Provided material>
_ _ _ _ _

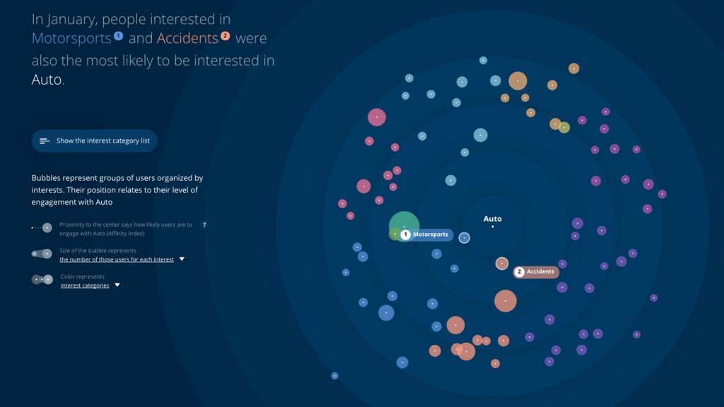 Caroline Goulard évoque un autre projet de son agence, réalisé avec Outbrain, l’une des grandes agences spécialisées dans la recommandation de contenus sponsorisés – souvent très critiquée du fait des suggestions automatisées que ces plateformes produisent. Le principe de ce type d’agence de placements de contenus fonctionne complètement algorithmiquement : les marques payent pour avoir des emplacements publicitaires sous des contenus qui sont déterminés automatiquement par les outils de Outbrain afin de maximiser le taux de clic. Le problème pour Outbrain, c’est que le fonctionnement de leurs algorithmes est complexe. Ce sont des boîtes noires et il est difficile pour les équipes marketing d’Outbrain qui travaillent avec les marques d’expliquer à leurs clients leur fonctionnement et où vont se placer leurs publicités. Les équipes d’Outbrain avaient donc besoin d’un outil pour permettre à leurs clients de comprendre comment le placement automatique se réalise et d’où viennent les gens qui cliquent sur leurs contenus. Dataveyes a donc réalisé un outil permettant de comprendre par exemple que les clients qui cliquent sur des contenus sponsorisés sur la santé sont plutôt des profils en train de lire des articles sur le fitness ou la prise de poids et qu’il y a très peu de chance qu’ils soient en train de lire un article sur le jeu ou l’environnement. « L’enjeu, n’est pas d’expliquer l’algorithme, mais de fournir une application pour voir ce que cet algorithme produit, de le rendre plus explicable et de permettre aux clients d’Outbrain de comprendre quels types de profil ils touchent ». Un exemple qui montre combien l’enjeu de l’explicabilité n’est absolument pas réductible au code de l’algorithme et combien les dispositifs permettant de jouer avec l’information font preuve d’une réelle efficacité pour permettre d’en comprendre le fonctionnement.
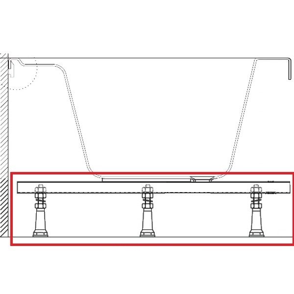 Універсальна опорна конструкція призначена для акрилових ванн і служить для простого вирівнювання площини ванни. Встановлену таким способом ванну можна обкласти цеглою і облицювати кахлем. Універсальна опорна конструкція складається з двох металевих балок і чотирьох регульованих ніжок.
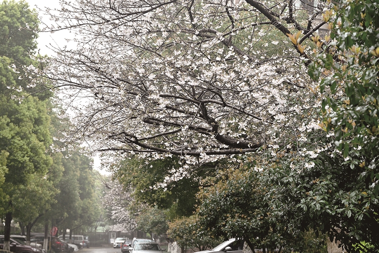 春日里,萧山新塘街道泰和花园东区的樱花竞相绽放,洁白似雪,绚烂迷人。
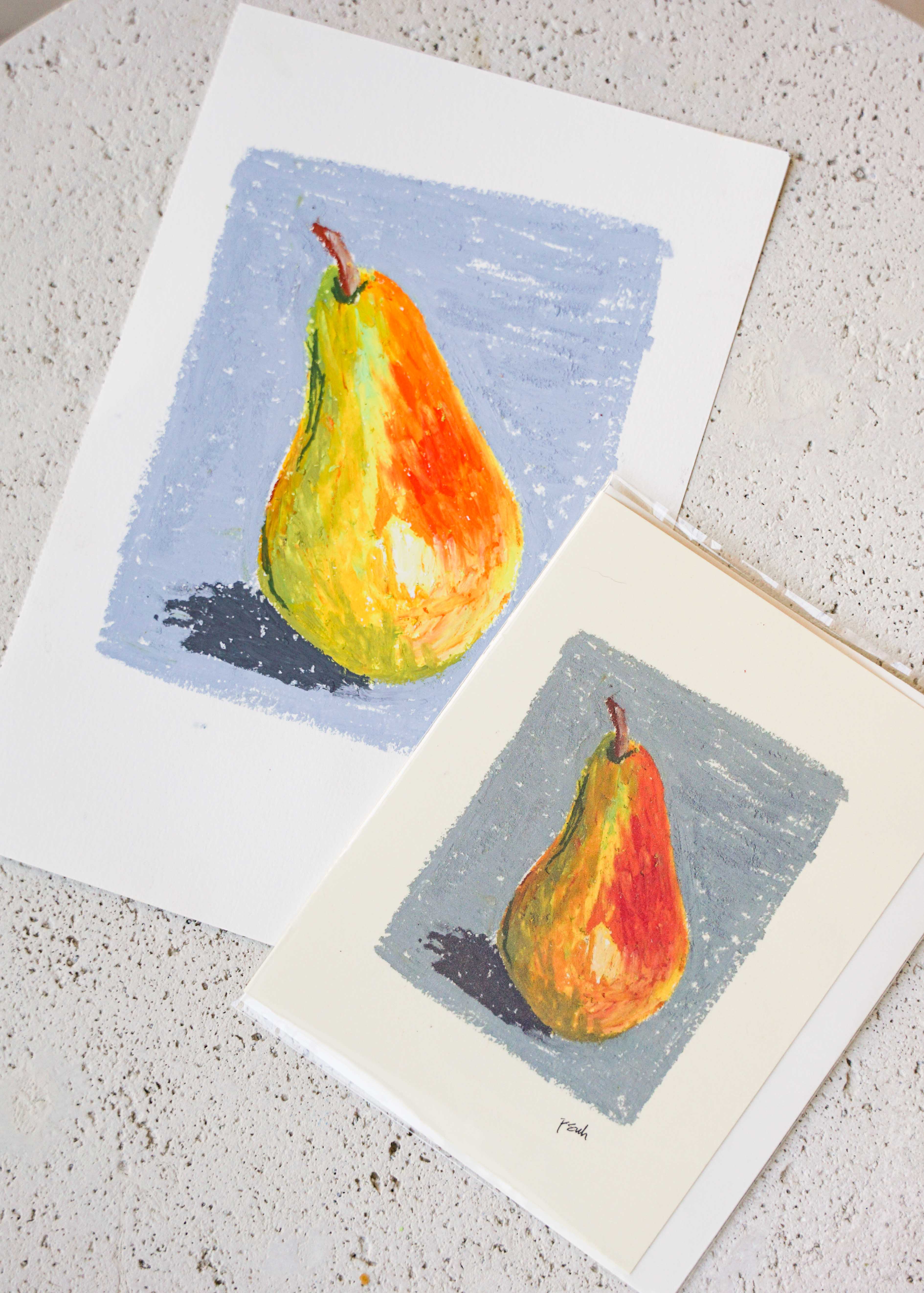 We start with original oil pastel drawings and print them on luxurious card stock.
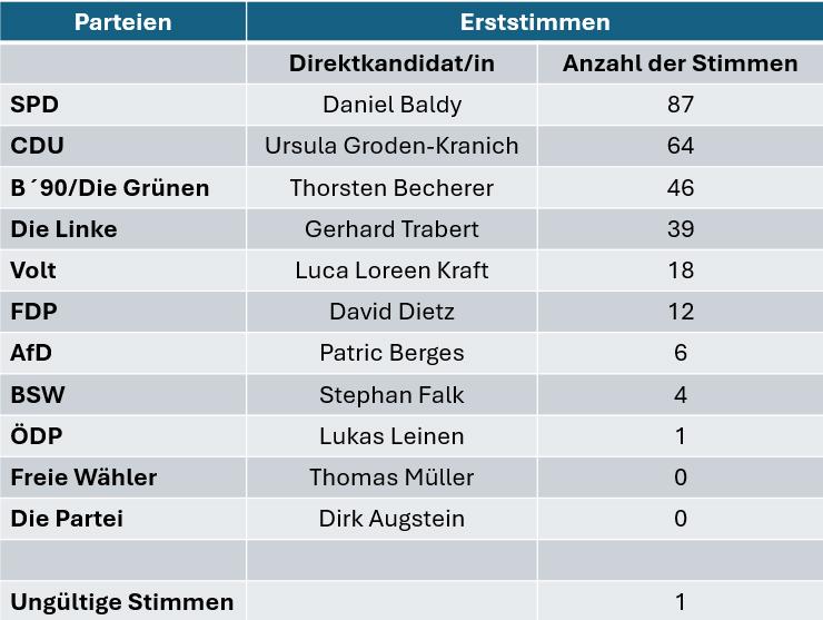 FDP, AfD und BSW scheitern dagegen an der 5%-Hürde. Das Direktmandat für den Wahlkreis Mainz-Bingen holt sich mit deutlichen Vorsprung Daniel Baldy von der SPD.

_ _ _ _ _

The task> Pictures excluded, copy exactly the lines running from the one with "春日里,萧山新塘街道泰和花园东区的樱花竞相绽放,洁白似雪,绚烂迷人。" through the last line of the material.

Answer to this problem>
 春日里,萧山新塘街道泰和花园东区的樱花竞相绽放,洁白似雪,绚烂迷人。
 We start with original oil pastel drawings and print them on luxurious card stock.
 FDP, AfD und BSW scheitern dagegen an der 5%-Hürde. Das Direktmandat für den Wahlkreis Mainz-Bingen holt sich mit deutlichen Vorsprung Daniel Baldy von der SPD.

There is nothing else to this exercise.